BIA Lowers Forecast for 2024 Local Ad Revenue To $172 Billion
Political spending expected to hit $11.1 billion, up 15.5% from 2020
Powered by an election year, local advertising revenues are expected to increase 9.3% year over year to $172 billion in 2024, according to an updated forecast from BIA Advisory Services.
The new forecast calls for 2% less local ad revenue than BIA had forecasted in October.
Over-the-air TV, which continues to get the largest share of political ad spending, is expected to see a 28.3% increase from 2023 in total ad revenue to $20.8 billion. That is 1.2% lower than BIA’s earlier forecast.
Online TV ad revenue is expected to grow 24.9% to $2.2 billion, up 2% from the previous forecast.
Spending on local over-the-top and connected TV platforms is expected to grow 53.8%. BIA said the strong growth stems from the addition of high-quality and more accessible CTV inventory through the programmatic market, as well as increased rates on a cost-per-thousand viewers (CPM) basis.
“As expected, local political advertising will be substantial this year, and it’s fueling spend across the media landscape,“ BIA VP of forecasting & analysis Nicole Ovadia said. “As expected, local political advertising will be substantial this year, and it’s fueling spend across the media landscape.

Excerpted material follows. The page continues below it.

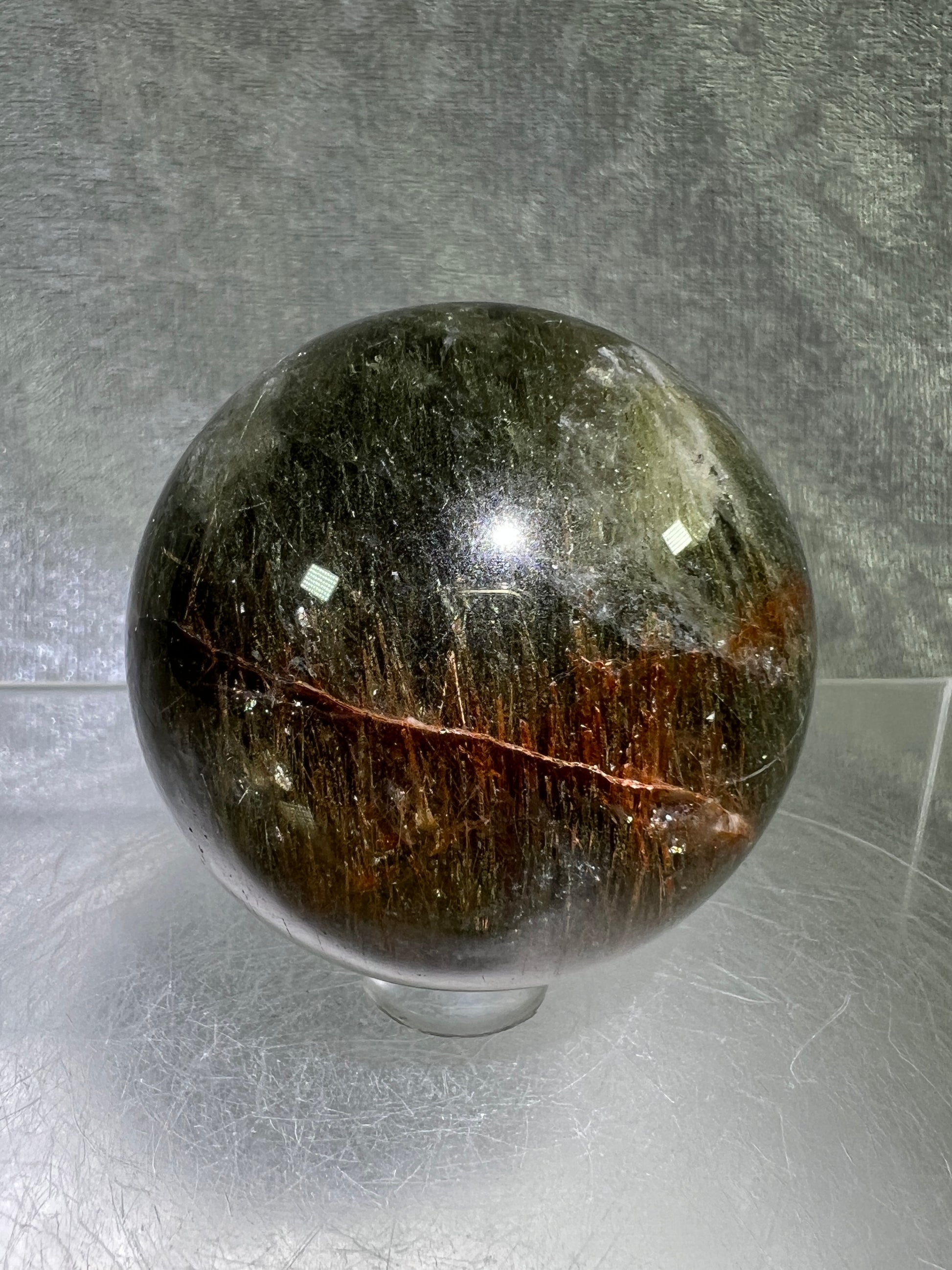 Tourmalinated Quartz Sphere. 52mm. Gorgeous Red And Green Tourmaline Inclusions. Rare And Unique Display Sphere.

“Our slight adjustment down for this year is mainly due to mixed economic signals, a slowdown in certain consumer purchases, and lower than expected spending in digital and direct mail advertising at the end of 2023 that may flow into this year,” she added. “However, we still anticipate 2024 to be better for local advertising than 2023 and certain media like TV OTA, TV Digital, and CTV/OTT are growing substantially.”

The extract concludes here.